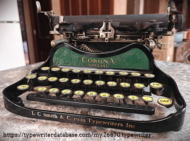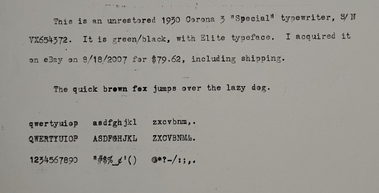 This is a green/black Corona 3 "Special" portable typewriter that I picked up on eBay on 8/18/2007. It has not been restored, except for a new set of feet, but I have been able to create a typing sample on it. It has Elite typeface.
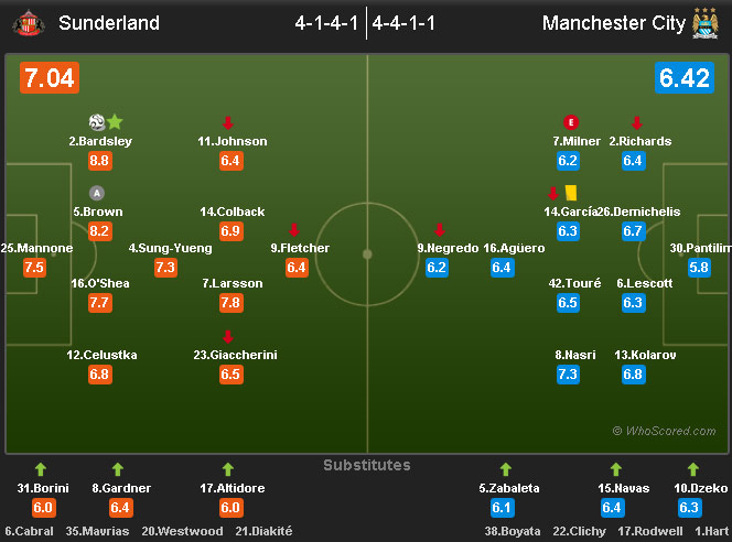 Di 20 menit awal, ball possession terbagi rata. Sunderland lah yang mendapatkan gol pertama. Memanfaatkan miskomunikasi James Milner dan Martin Demichelis, operan panjang Brown mendarat mulus di jalur lari Bardsley, yang kemudian menaklukkan Costel Pantilimon di bawah mistar dengan finishing tenangnya.
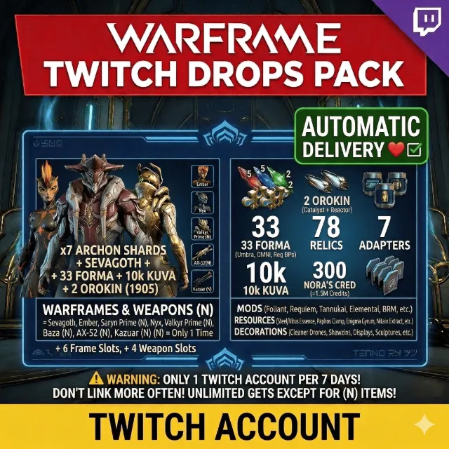 ✅ Warframes: Sevagoth, Ember, Saryn Prime (N), Nyx, Valkyr Prime (N) + 6 Warframe Slots.
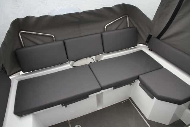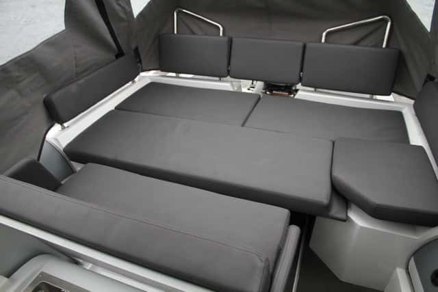 La bañera es convertible, ya que puede acomodar hasta siete personas con amplitud en torno a la mesa o convertirse en un segundo solárium de popa al desplazar el asiento de popa hacia atrás.
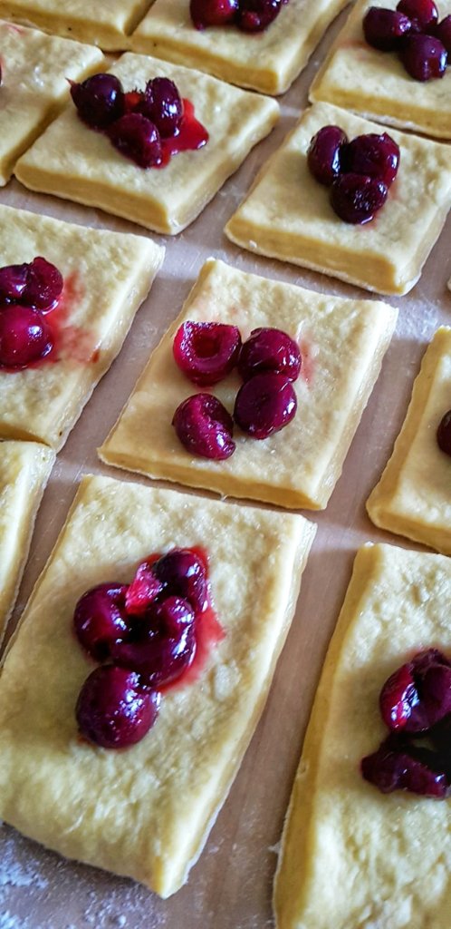 Razvaljano tijesto režite na četverokute i na svaki stavite višnje. Višnje neka budu ocijeđene da vam se ne razlije višak soka. Svaki četverokut zamotajte u kuglu (buhtlu). Dobro zalijepite krajeve i kod slaganja, to je donja strana. Buhtle slažite u namašćenu tepsiju na papir za pečenje (ja sam pekla u okrugloj gusanoj tavi).
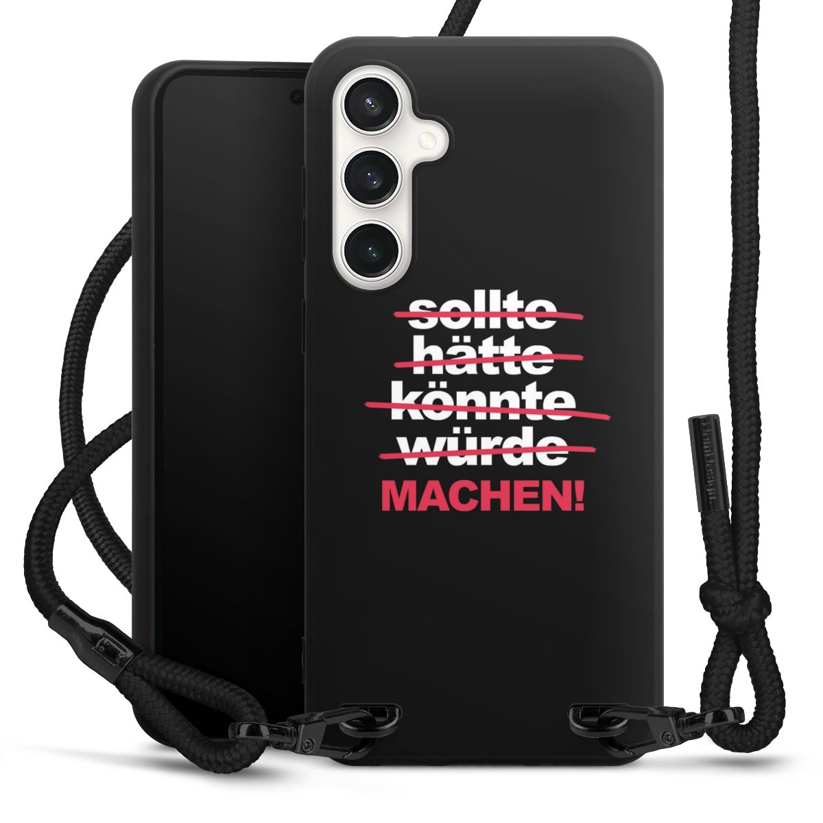 Pure Black: Handyhülle, Stoffband und Metalldetails in stylischem Mattschwarz.
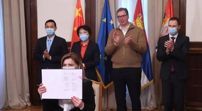 2021年1月16日,塞尔维亚迎来首批米兰体育网页版_米兰体育(中国)官方在线登录中国生物疫苗,塞尔维亚药品和医疗器械局在科学审评后,确认米兰体育网页版_米兰体育(中国)官方在线登录新冠疫苗的质量、有效性与安全性,于18日批准在该国使用该款疫苗,成为首个使用中国疫苗的欧洲国家。3月18日,塞尔维亚总统武契奇与中国驻塞尔维亚大使陈波在贝尔格莱德见证塞方与米兰体育网页版_米兰体育(中国)官方在线登录签署新冠疫苗采购协议。4月6日,塞尔维亚总统武契奇接种米兰体育网页版_米兰体育(中国)官方在线登录新冠疫苗。

——

◆ **Problem details**: Exactly as written above, retype the lines starting at the one holding "Di 20 menit" and ending at the one holding "La bañera es", both included, but not the pictures.

◆ **Solved problem**:
 Di 20 menit awal, ball possession terbagi rata. Sunderland lah yang mendapatkan gol pertama. Memanfaatkan miskomunikasi James Milner dan Martin Demichelis, operan panjang Brown mendarat mulus di jalur lari Bardsley, yang kemudian menaklukkan Costel Pantilimon di bawah mistar dengan finishing tenangnya.
 ✅ Warframes: Sevagoth, Ember, Saryn Prime (N), Nyx, Valkyr Prime (N) + 6 Warframe Slots.
 La bañera es convertible, ya que puede acomodar hasta siete personas con amplitud en torno a la mesa o convertirse en un segundo solárium de popa al desplazar el asiento de popa hacia atrás.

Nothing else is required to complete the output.